Если пологие склоны Массачусетса так его изматывают, подумал я, то как же он собирается одолевать каньоны Юты? Нет, конечно же, экспедиция — полнейшая чушь, нелепая игра богатого воображения. Пока что все оставалось на уровне разговоров, и тревожиться было не о чем. Но если Барбер взаправду решит двинуться в путь, то нам с Китти обязательно следовало — мы оба понимали это — отговорить его от этой затеи.
Начав с такого скептического отношения к замыслу Барбера, в конце концов, по иронии судьбы, именно я стал искать ту пещеру. Произошло это всего через восемь месяцев после того, как мы впервые заговорили об экспедиции, но к тому времени случилось столько бед, столько всего было разрушено и погублено, что мой первоначальный скепсис уже не имел никакого значения. Я отправился туда, потому что у меня не осталось выбора. Это не значило, что я захотел туда поехать, — просто обстоятельства сложились так, что не поехать я не мог.
В конце марта Китти обнаружила, что беременна, а к началу июня я ее потерял. Наша общая жизнь раскололась надвое за несколько недель, и когда я наконец понял, что утрата неизбежна, у меня словно сердце вырвали из груди. До этого мы с Китти жили в полной гармонии, и чем дольше так было, тем меньше верилось, что у нас могут возникнуть конфликты. Может, если бы отношения между нами были менее идиллическими, если бы мы часто ссорились и швыряли друг в друга тарелки, то лучше были бы готовы к решению жизненных проблем. А вышло так, что беременность Китти обрушилась пушечным ядром в нашу тихую заводь, и не успели мы опомниться, как наша лодка потонула, а мы очутились по горло в воде.
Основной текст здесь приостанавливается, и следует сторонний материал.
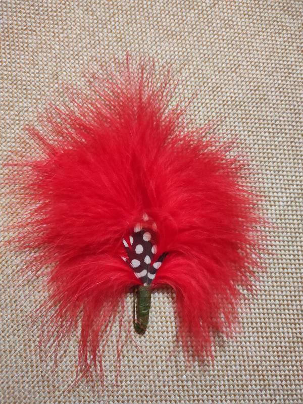 Брошь из перьев (похоже, что страуса), красного цвета. На ножке расположена застежка. Очень красиво смотрится на контрастных цветах одежды. Невесомая и утонченная. Прекрасно дополнит ваш образ.
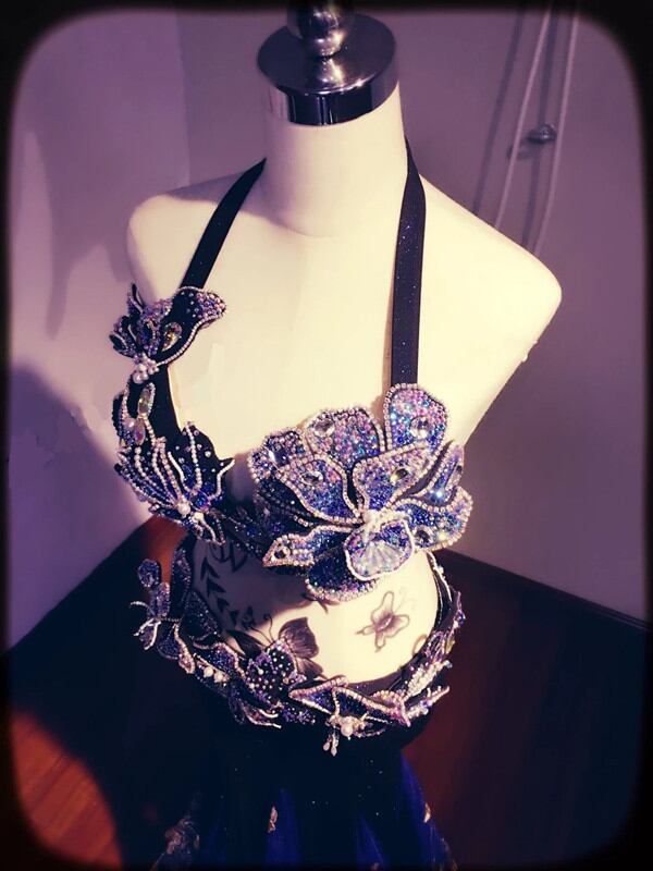 衣装には立体のアクセサリーが輝いてますオーダーメイドベリーダンス衣装です。
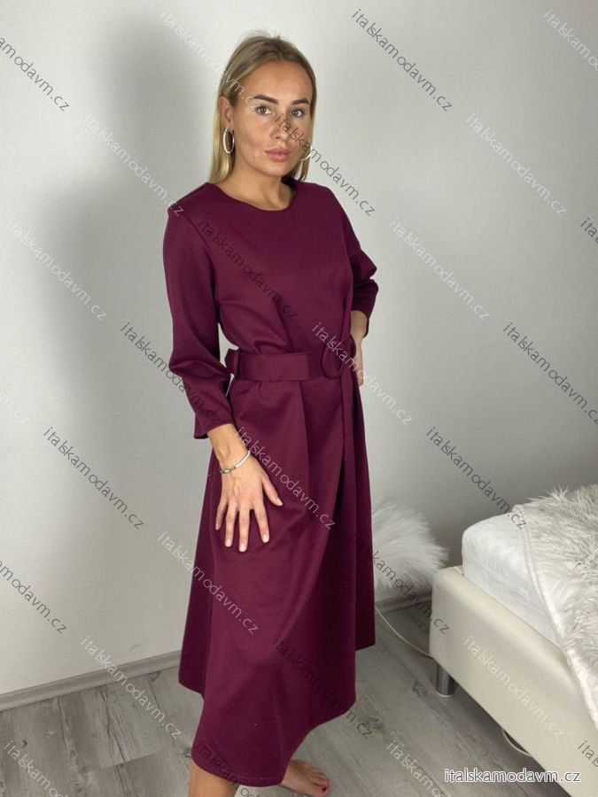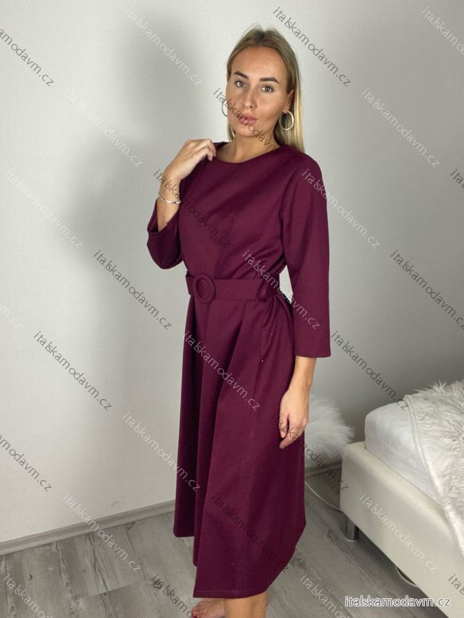 Šaty elegantné s opaskom dlhý rukáv dámske JANE (S/M/L ONE SIZE) TALIANSKA MÓDA IMM25M8066
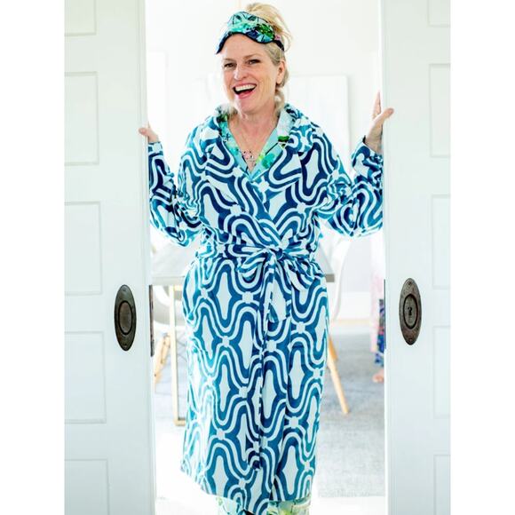 Lelsey Evers Womens Tiffany Robe in Waterloo Teal Size Medium / Large
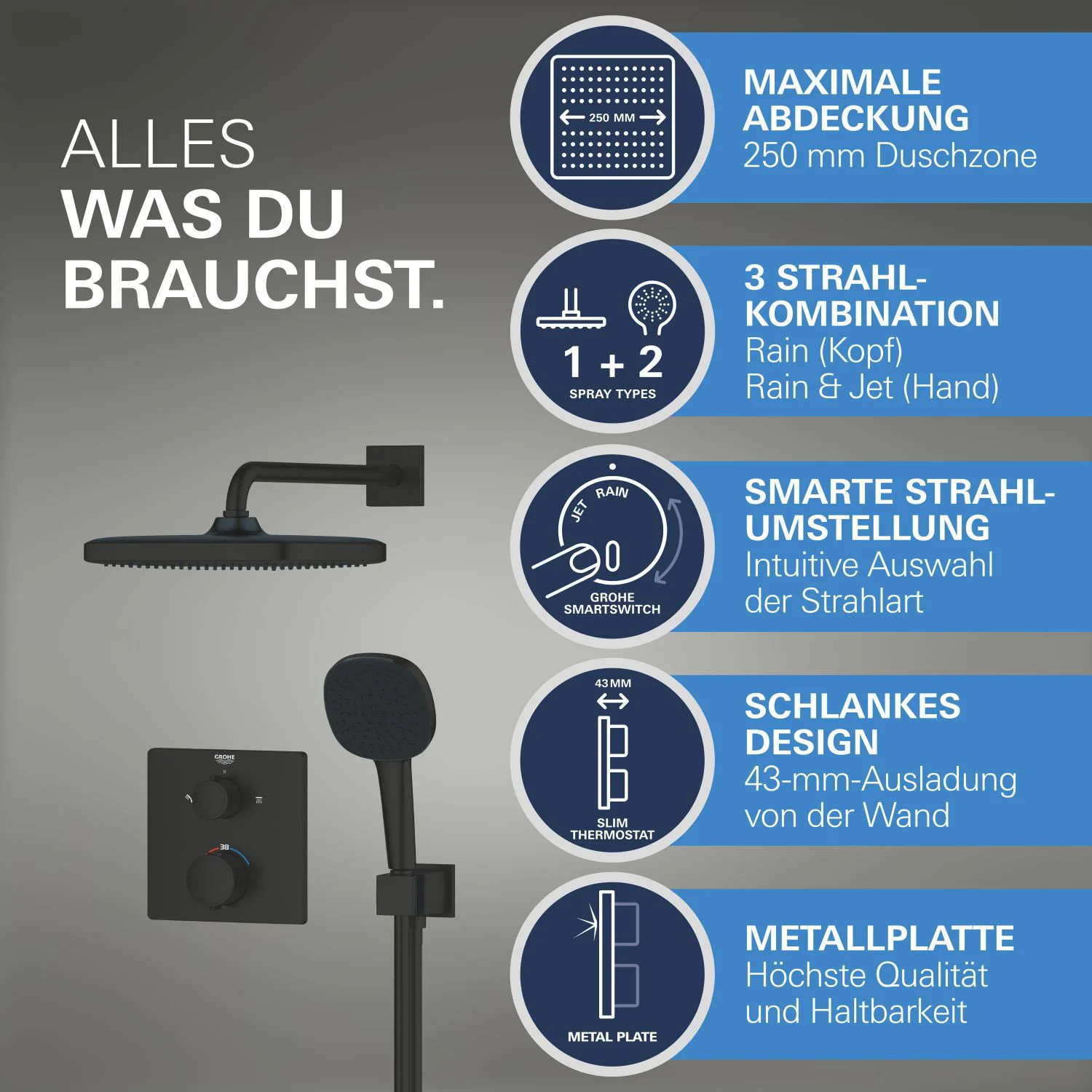 GROHE Precision Duschsystem, Unterputz, mit Vitalio Comfort 250, eckig
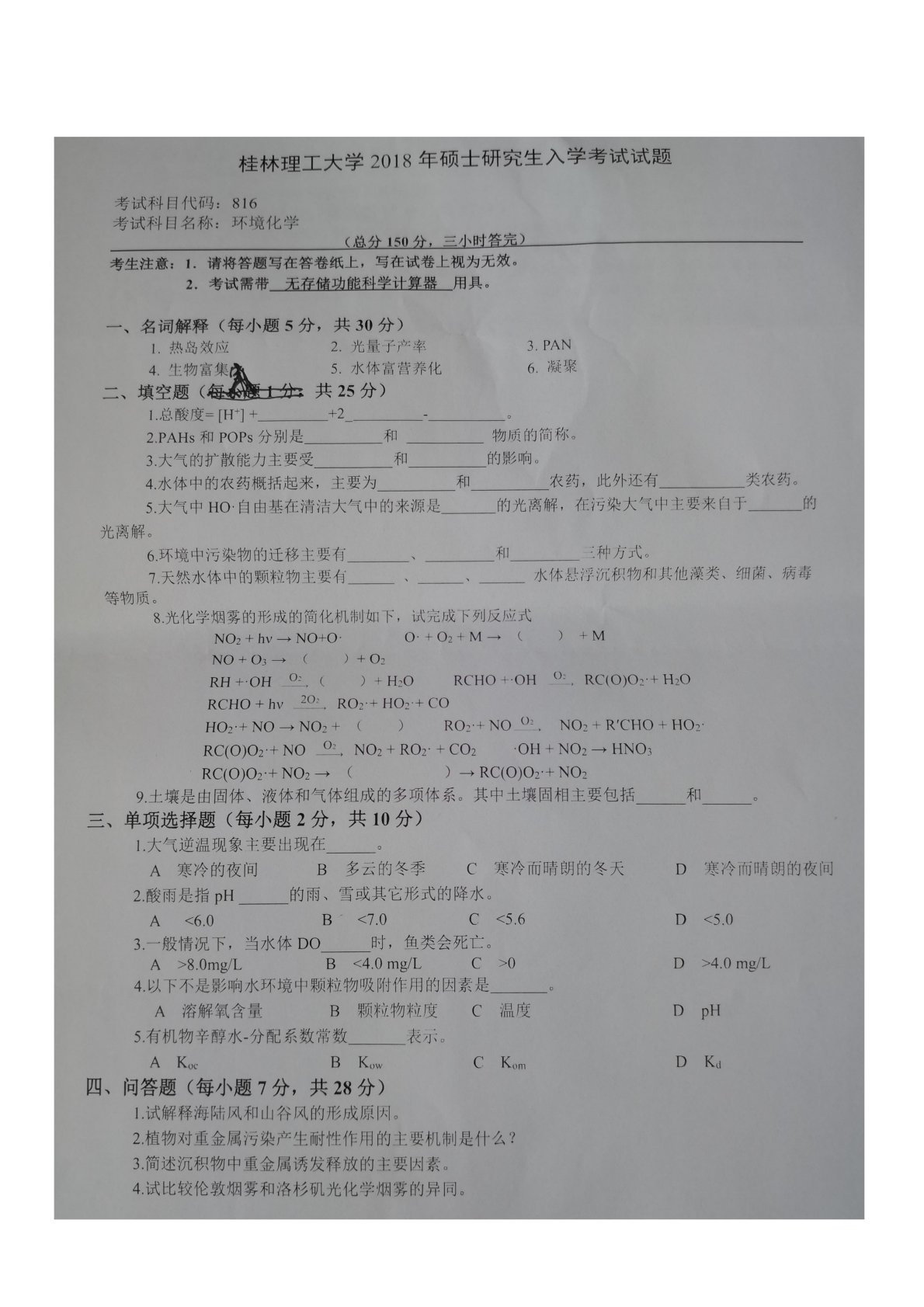 桂林理工大学816环境化学2018年真题
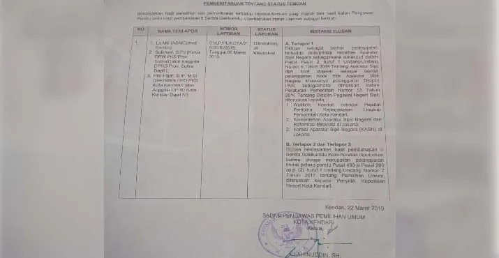 Hal itu diumumkan Gakkumdu dan dipajang di Kantor Badan Pengawas Pemilihan Umum (Bawaslu) Kota Kendari, Jumat (22/3/2019).
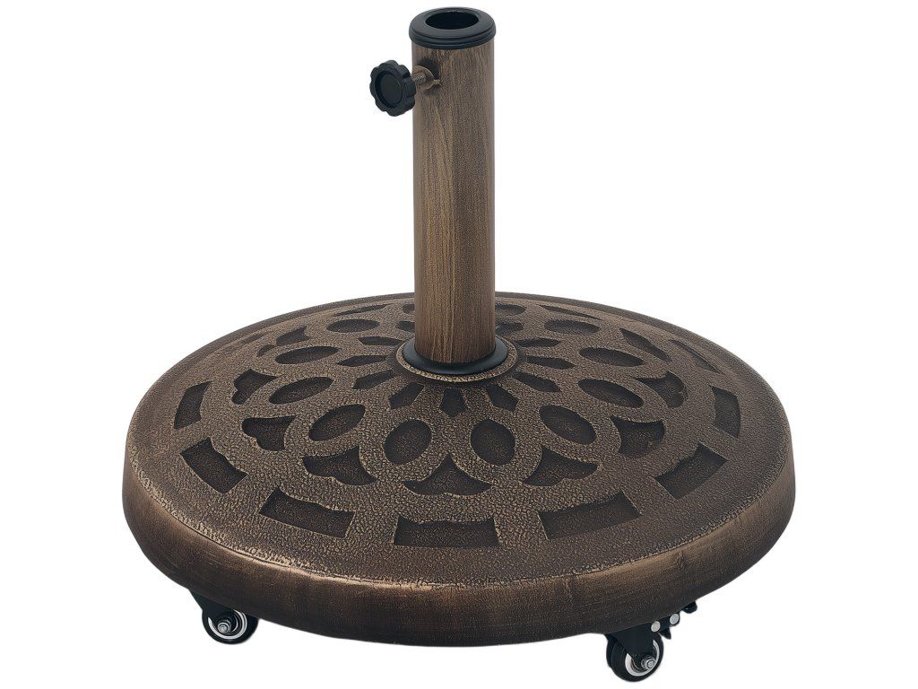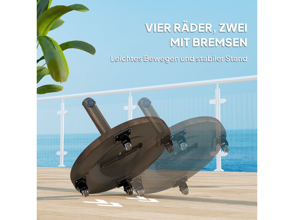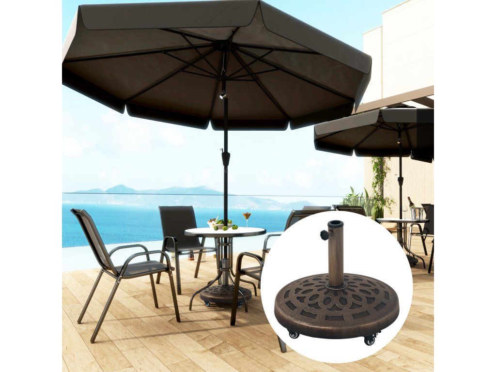 Robustní podstavec slunečníku: Tento podstavec slunečníku s hmotností 21 kg, vyrobený z kovové tyče s práškovým nástřikem a základny z pryskyřice a betonu, nabízí optimální stabilitu a odolnost. Stojan na slunečník s kolečky zajišťuje stabilní držení a je odolný vůči povětrnostním vlivům.

Нет, мы не перестали любить друг друга. Даже когда мы спорили до слез, с особенным упорством отстаивая свое мнение, мы никогда не допускали, что наши чувства изменились. Просто теперь мы говорили на разных языках. По мнению Китти, в любви должно быть только двое. Ребенку в ней места нет, а значит, все решают исключительно наши желания. Хотя именно Китти носила в себе ребенка, он был для нее просто абстракцией, гипотезой будущей жизни, а не человечком, который уже живет. Пока он не родился, он для нее не существовал. Я же считал, что ребенок стал жить с нами, как только Китти сообщила мне о своей беременности. Даже если он не больше мизинца, это уже реальный человек. Решение об аборте, по моим представлениям, будет равносильно убийству.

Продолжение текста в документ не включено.